Under the Roman republic, there was no appeal in civil suits, but under the emperors a regular system was established. Under Augustus, there was an appeal from all the magistrates to the prefect of the city, and from him to the Praetorian prefect or emperor. In the provinces there was an appeal from the municipal magistrates to the governors, and from them to the emperor. Under Justinian, no appeal was allowed from a suit which did not involve at least twenty pounds in gold.
[Sidenote: Criminal courts.]
In regard to criminal courts, among the Romans, during the republic, the only body which had absolute power of life and death was the comitia centuriata. The Senate had no jurisdiction in criminal cases, so far as Roman citizens were concerned. It was only in extraordinary emergencies that the Senate, with the consuls, assumed the responsibility of inflicting summary punishment. Under the emperors, the Senate was armed with the power of criminal jurisdiction. And as the Senate was the tool of the imperator, he could crush whomsoever he pleased.

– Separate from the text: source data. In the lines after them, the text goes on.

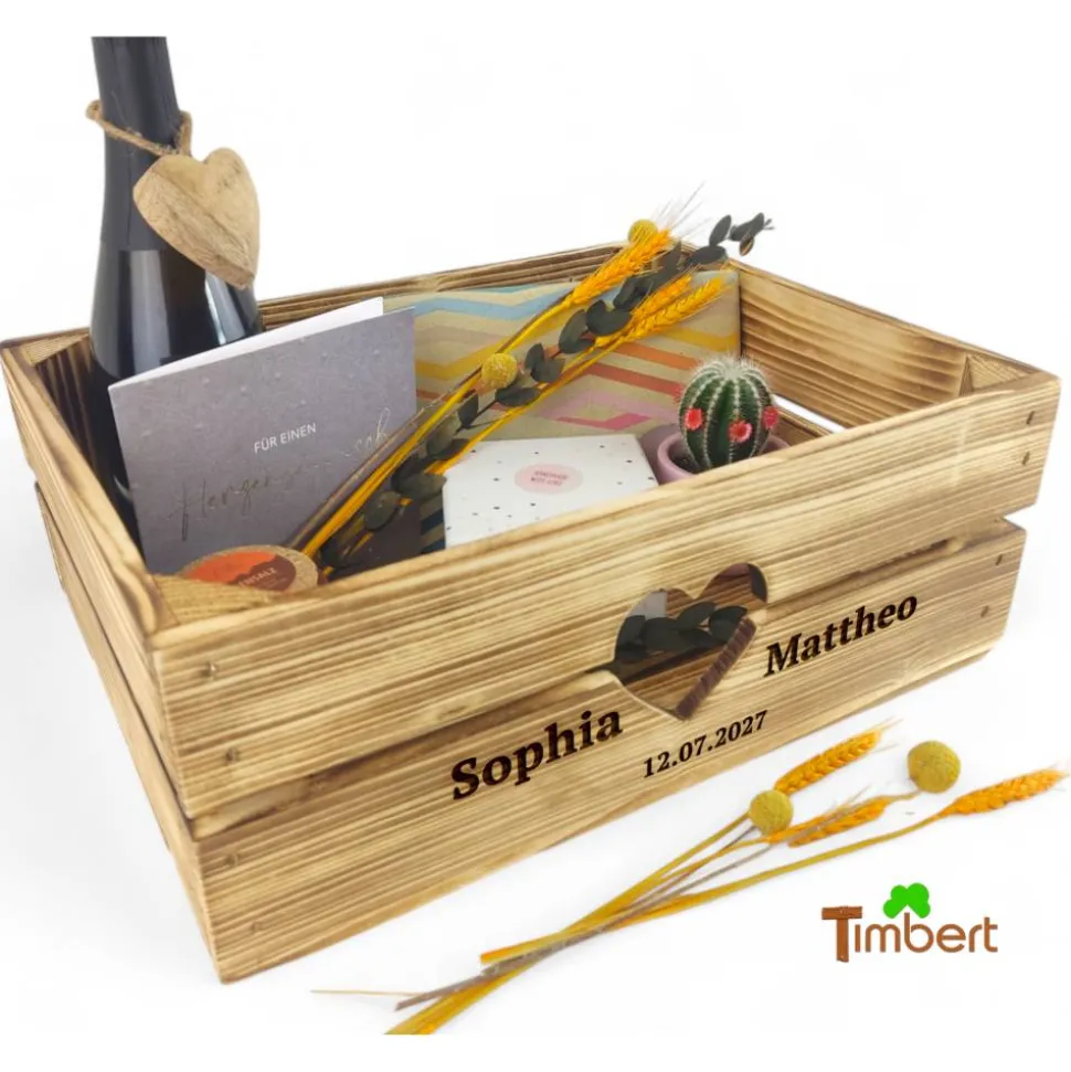 Diese Kiste kann mit deinem Wunschtext versehen werden, sei es ein Name, ein Datum oder eine liebevolle Botschaft. Die Gravur wird tief in das Holz eingebrannt, ist sehr gut sichtbar und langlebig, sodass die Kiste auch langfristig ein schönes Erinnerungsstück bleibt.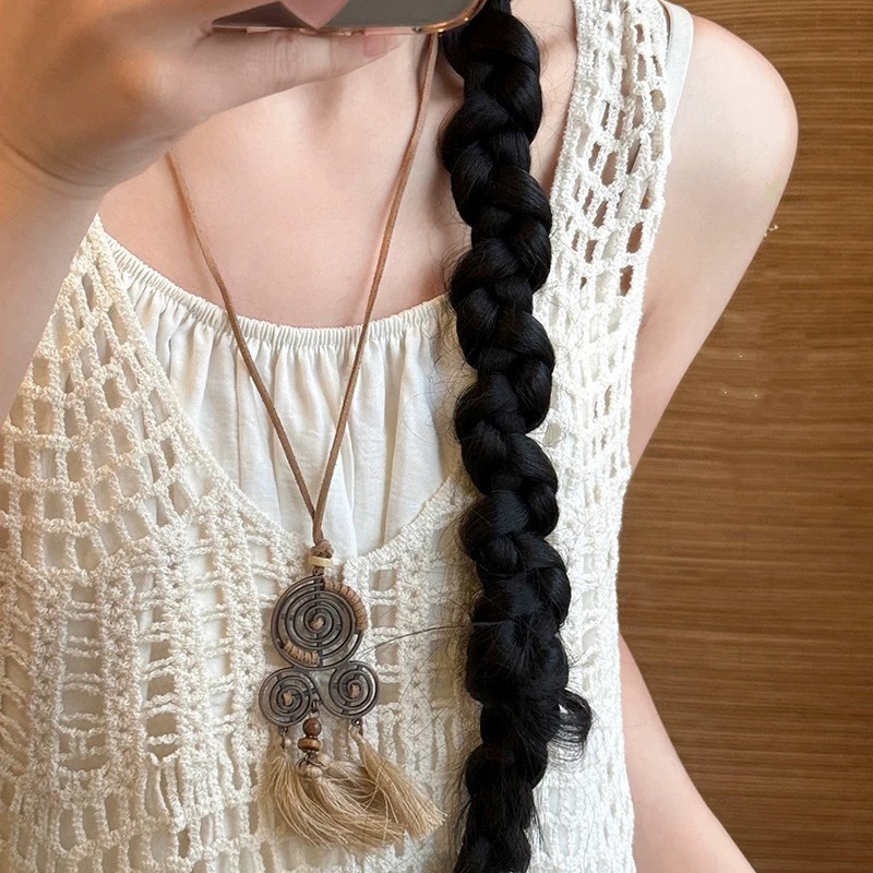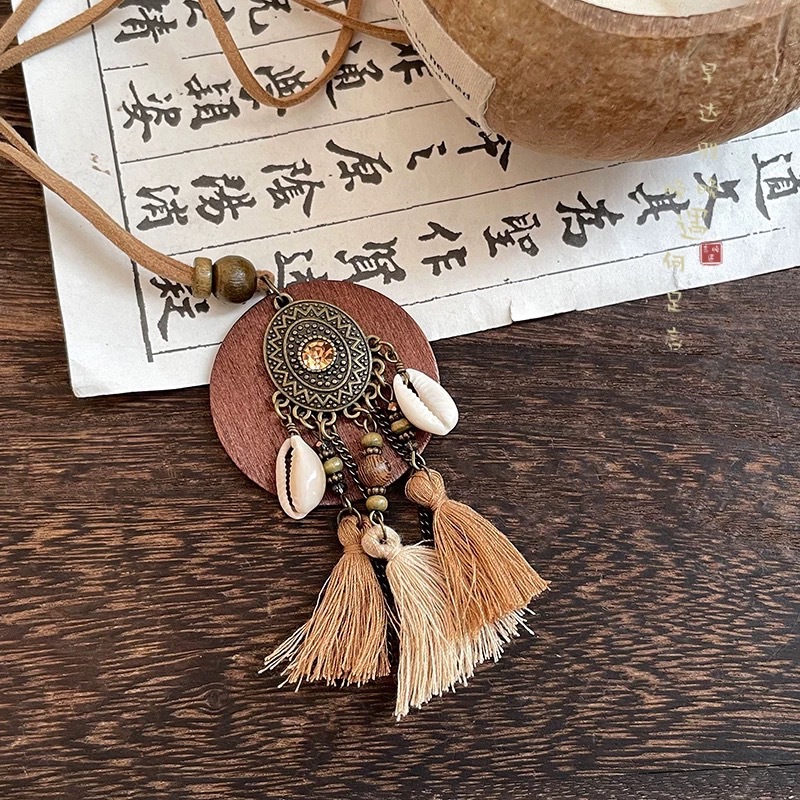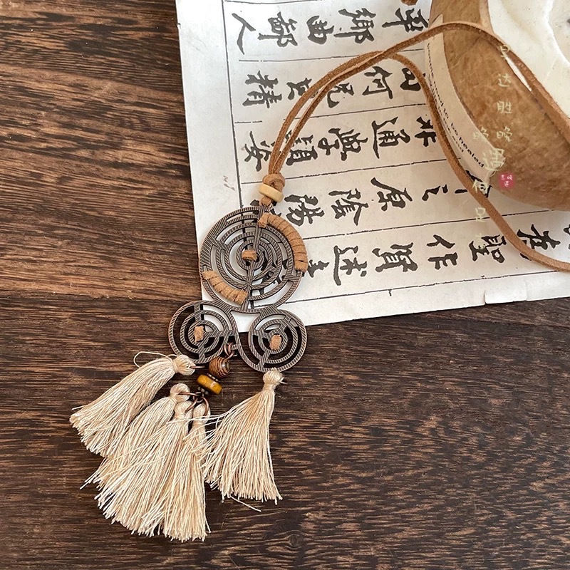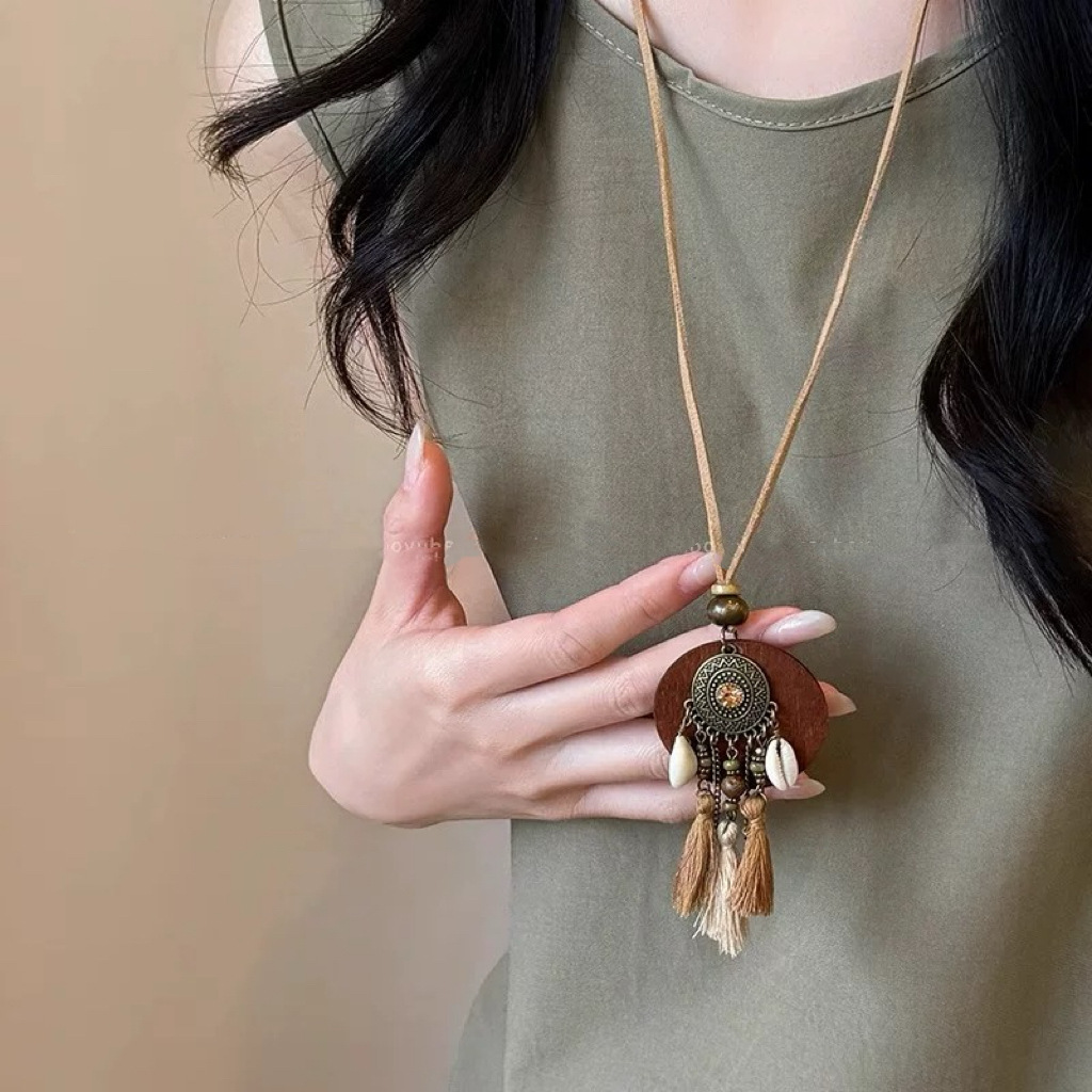Color: Mixed green wire wrapped tassel necklace-x5273c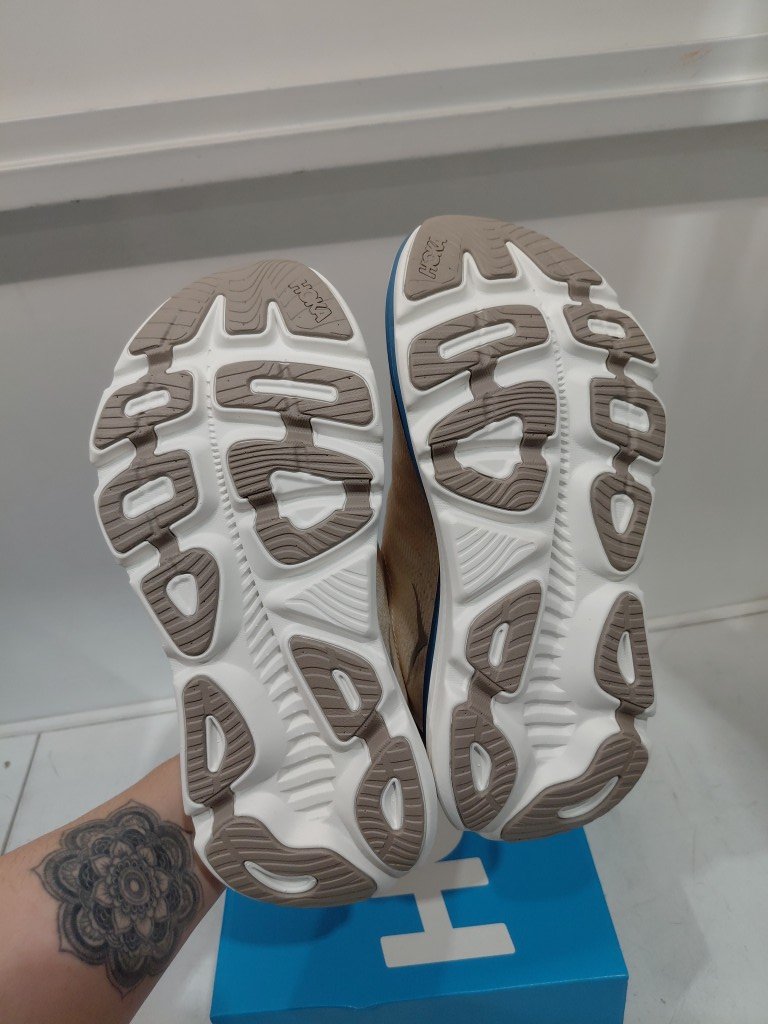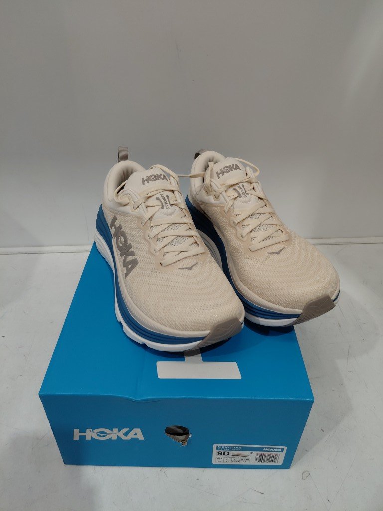 mens hoka gaviota 5 running shoes - 9 - beige/blue/white (model: 1127929)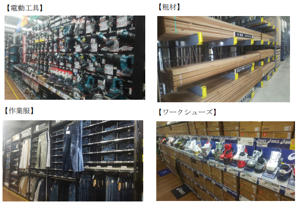 取り扱い商品は建築資材・電動工具・金物・作業衣料・電材など約4万3000アイテム。お客からの要望商品も拡充させていく。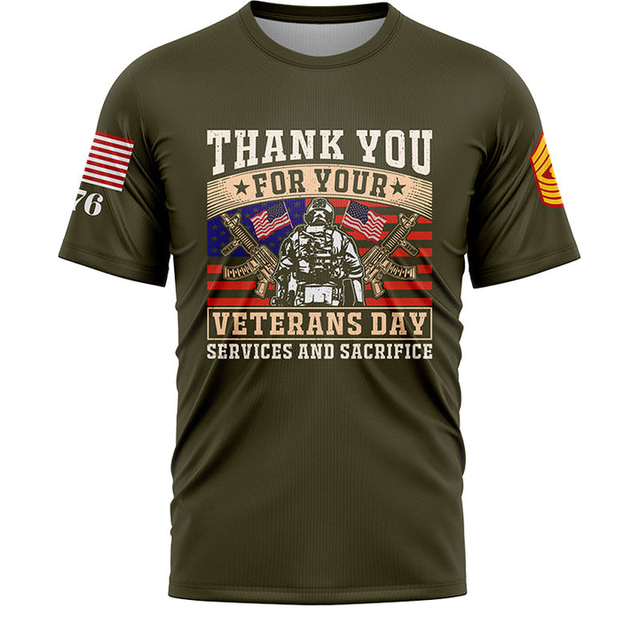 Custom Olive Thank You For Your Services And Sacrifice 1776 American Flag U.S Marine Corps Military Rank Name Veterans Day T-Shirt
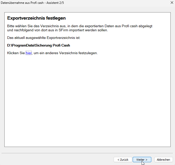 - Wählen Sie das Verzeichnis aus, welches Sie beim Export aus Profi cash angegeben hatten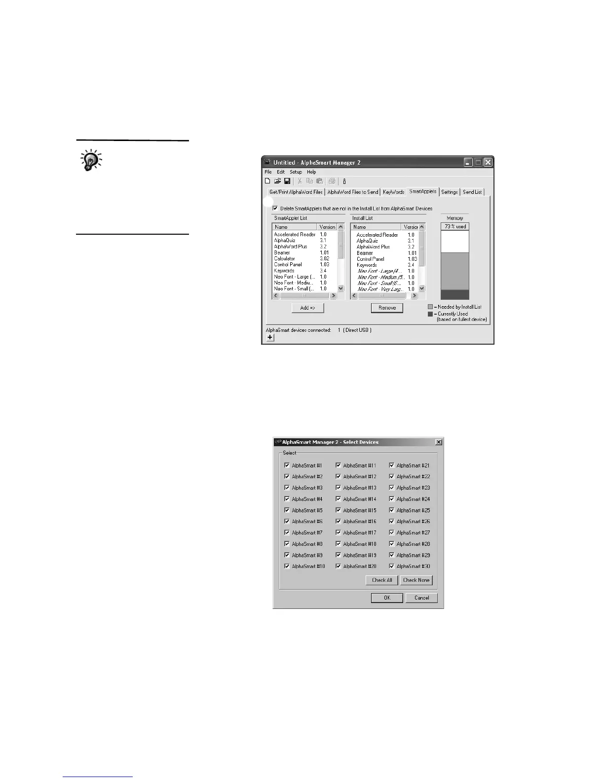 4. Click the Send List tab and verify that only the SmartApplets you want to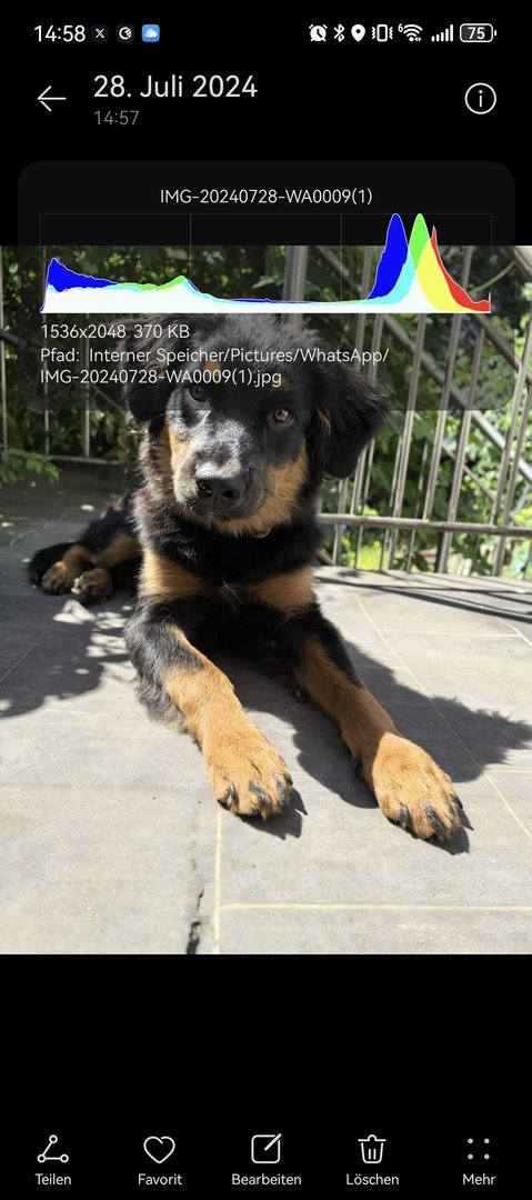 Jetzt habe ich das EXAKT selbe Bild (welches mit dem Huawei geschossen wurde) einmal mit meinem iPhone 15 pro verschickt. Auch über WhatsApp.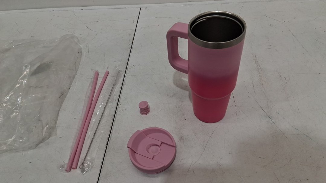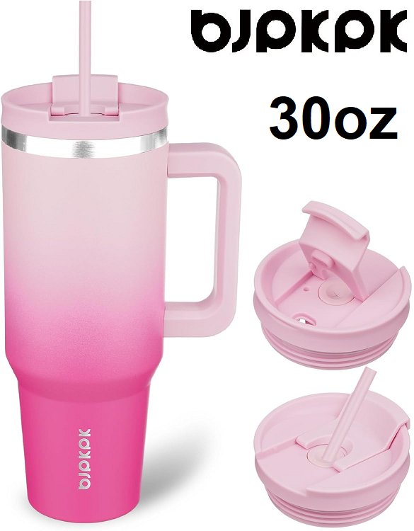 bjpkpk stainless steel insulated tumbler with handle & straw lid - 30oz - cherry blossom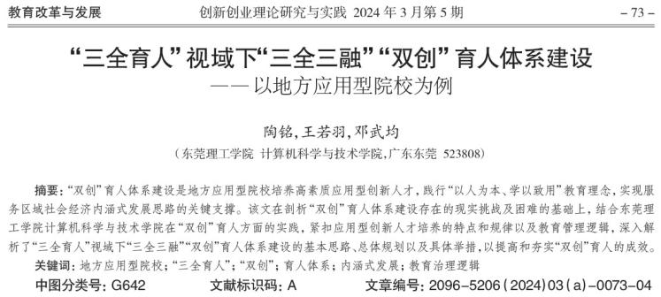 6. 2024年,實驗室團隊成員作為參與人獲得東莞理工學(xué)院第十一屆教學(xué)成果獎二等獎。在《創(chuàng)新創(chuàng)業(yè)理論研究與實踐》上發(fā)表教研教改論文《 “三全育人”視域下“三全三融”“雙創(chuàng)”育人體系建設(shè)——以地方應(yīng)用型院校為例》。

As it was inconvenient, when Rome had become a very great city, to convene the comitia for the trial of offenders, the expedient was adopted of delegating the jurisdiction of the people to persons invested with temporary authority, called quaesitores. These were established at length into regular and permanent courts, called quaestiones perpetuae. Every case submitted to these courts was tried by a judge and jury. It was the duty of the judge to preside and regulate proceedings according to law; and it was the duty of the jury, after hearing the evidence and pleadings, to decide upon the guilt or innocence of the accused. As many as fifty persons frequently composed the jury, whose names were drawn out of an urn. Each party had a right to challenge a certain number, and the verdict was decided by a majority of votes. At first the judices were chosen from the Senate, and afterwards from the Equestrians, and then again from both orders. But in process of time the quaestiones perpetuae gave place to imperial magistrates. The accused defended himself in person or by counsel.
[Sidenote: Crimes.]
The Romans divided crimes into public and private. Private crimes could only be prosecuted by the party injured, and were generally punished by pecuniary fines, as among the old Germanic nations.
[Sidenote: Treason.]
Of public crimes, the crimen loesoe majestatis, or treason, was regarded as the greatest, and this was punished with death, and with confiscation of goods, [Footnote: I. 4, 18, 3.] while the memory of the offender was declared infamous. Greater severity could scarcely be visited on a culprit. Treason comprehended conspiracy against the government, assisting the enemies of Rome, and misconduct in the command of armies. Thus Manlius, in spite of his magnificent services, was hurled from the Tarpeian Rock, because he was convicted of an intention to seize upon the government. Under the empire, not only any attempt on the life of the emperor was treason, but disrespectful words or acts. The criminal was even tried after death, [Footnote: C. 9, 8, 6.] that his memory might become infamous, and this barbarous practice existed even in France and Scotland, as late as the beginning of the seventeenth century. In England, men have been executed for treasonable words. Beside treason there were other crimes against the state, such as a breach of the peace, extortion on the part of provincial governors, embezzlement of public property, stealing sacred things, bribery, most of which offenses were punished by pecuniary penalties.